- _Requirement_
Below are the records; repeat exactly their lines between the line holding "火箭最後一攻不中,喬治完成準絕殺,幫助快艇主場95比93驚險取勝,終結四連敗!" and the line holding "负责计算网络模型中的不同部分。这通常是在网络模型很大很大、单个 GPU 的显存已经完全装不下整体网络的情况下才会采用。", inclusive, skipping the pictures.

**** Source data ****

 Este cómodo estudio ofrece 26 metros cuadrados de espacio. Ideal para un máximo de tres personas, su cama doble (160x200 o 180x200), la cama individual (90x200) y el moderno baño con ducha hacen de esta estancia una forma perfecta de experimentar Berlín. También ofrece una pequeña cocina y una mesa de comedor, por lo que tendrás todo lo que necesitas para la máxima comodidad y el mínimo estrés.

****
**** Source data ****

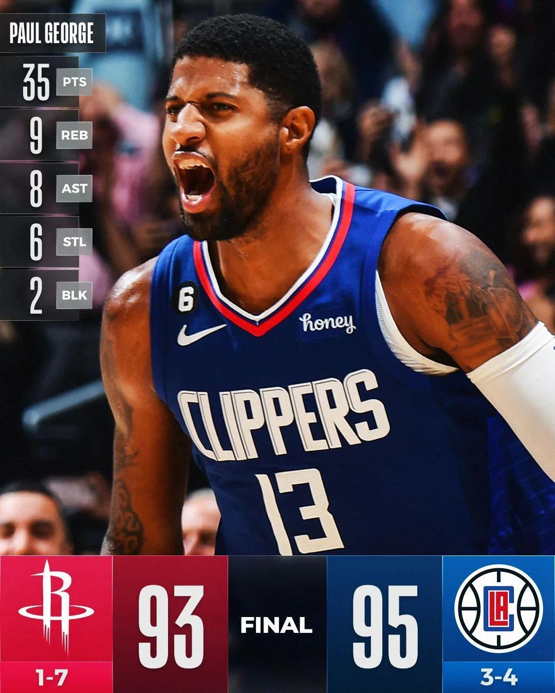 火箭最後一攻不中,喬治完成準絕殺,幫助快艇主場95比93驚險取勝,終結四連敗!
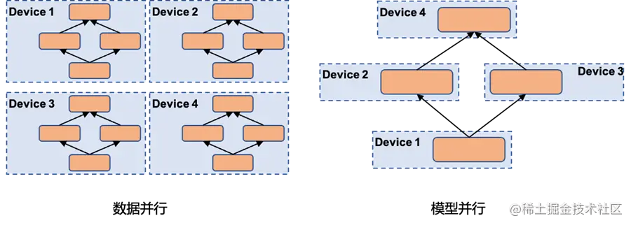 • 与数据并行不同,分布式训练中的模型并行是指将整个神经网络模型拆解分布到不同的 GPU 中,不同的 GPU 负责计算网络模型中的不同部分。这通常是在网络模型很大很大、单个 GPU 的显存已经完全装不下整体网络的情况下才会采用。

****

- _Exercise solution_
 火箭最後一攻不中,喬治完成準絕殺,幫助快艇主場95比93驚險取勝,終結四連敗!
 • 与数据并行不同,分布式训练中的模型并行是指将整个神经网络模型拆解分布到不同的 GPU 中,不同的 GPU 负责计算网络模型中的不同部分。这通常是在网络模型很大很大、单个 GPU 的显存已经完全装不下整体网络的情况下才会采用。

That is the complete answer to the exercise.